El buenismo es una forma de instalación en el mundo. Coloca una pupila observadora sobre nuestras posibilidades de emancipación y perfectibilidad transformadora, sin que esta opción ética suponga ignorar o menoscabar la existencia de comportamientos y afectos que lastran y entorpecen la convivencia.  El buenista no ignora los comportamientos inhumanos, sino que además de admitirlos incide reflexivamente en todo aquello que se consensúa humano, no demora su mirada en lo abyecto, sino que la prosigue hasta incluir lo plausible y lo admirable que también observa a su alrededor. Recuerdo una vez que después de pronunciar una conferencia en Madrid sobre la dignidad humana un asistente se acercó y me confesó: «Todo lo que cuentas está muy bien, pero el mundo funciona de otro modo». Le respondí: «me encanta compartir en voz alta o por escrito posibilidades para mejorar ese mundo con el que al parecer usted no está muy satisfecho». A quienes resignificamos horizontes posibles nos acusan de cándidos, como si en la configuración de nuestros pensamientos fuéramos lo suficientemente indoctos como para saber que existen las conductas malévolas y los sentimientos de exclusión del otro, el odio y su enfermiza obsesión por infligir daño, la erotización del poder, la venganza sañuda, la competición que regurgita depredación, el resentimiento y su estanqueidad crónica, la envidia y su incapacidad para domar el deseo, la crueldad, el engreimiento, y que debido a nuestra ignorancia los desahuciamos de nuestra mirada y de las tareas deconstructivas con las que intentamos examinar el mundo.  

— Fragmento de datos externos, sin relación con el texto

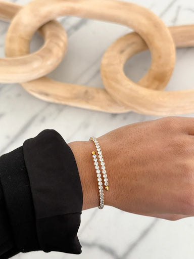 No reviews$ 25.00| /(SOLD AS ONE) Elevate your everyday stack with this effortlessly chic beaded bracelet. Crafted from 18k gold-plated stainless steel, it's water res...

Hace unos años escribí un ensayo en el que desglosaba estos sentimientos que esclerotizan el corazón y la vida. Los agrupé nominalmente con el nombre de los sótanos del alma. Pero no me detuve en ellos, sino que mi inspección se encaminó hacia otros afectos y otros estrados sentimentales que facilitan convivencias más óptimas y convierten los haceres de la vida en prácticas que apetece volver a repetir una y otra vez. Si el buenismo es recordar la presencia de estos sentimientos y cómo su concurso fortalece los vínculos humanos, entonces me declaro buenista. Si ser buenista es evitar la colonización de un pensamiento que solo señala los aspectos desfavorables del ser humano para legitimar desigualdades y opresiones y que es incapaz de ver que al lado de tanta inhumanidad hay ingentes cantidades de humanidad, soy buenista. Negar la existencia del amor, la bondad, la fraternidad, la cooperación, el cuidado, la compasión, la dignidad, no hace a nadie más erudito ni más avezado ni más experimentado, lo hace más insensible. Sin embargo, incorporar estos sentimientos y estas ficciones axiológicas al discurso y a las prácticas requiere un hercúleo esfuerzo cognitivo. Destruir es muy fácil, construir, muy difícil.  Presentar una enmienda a la totalidad afirmando que el mundo es una inmensa ciénaga es un recurso muy pueril. Analizar la ambigüedad y la borrosidad humanas para desde su complejidad elegir los lugares más idóneos sobre los que levantar puntos nodales de cuidado social y afectivo, solicita maduración y estudio. Además de describir lo que ya existe, imaginar y desglosar argumentativamente lo que sería bueno que existiera. Esto es el buenismo. La acción en la que se pone la intelección y la imaginación al servicio de una vida en común mejor.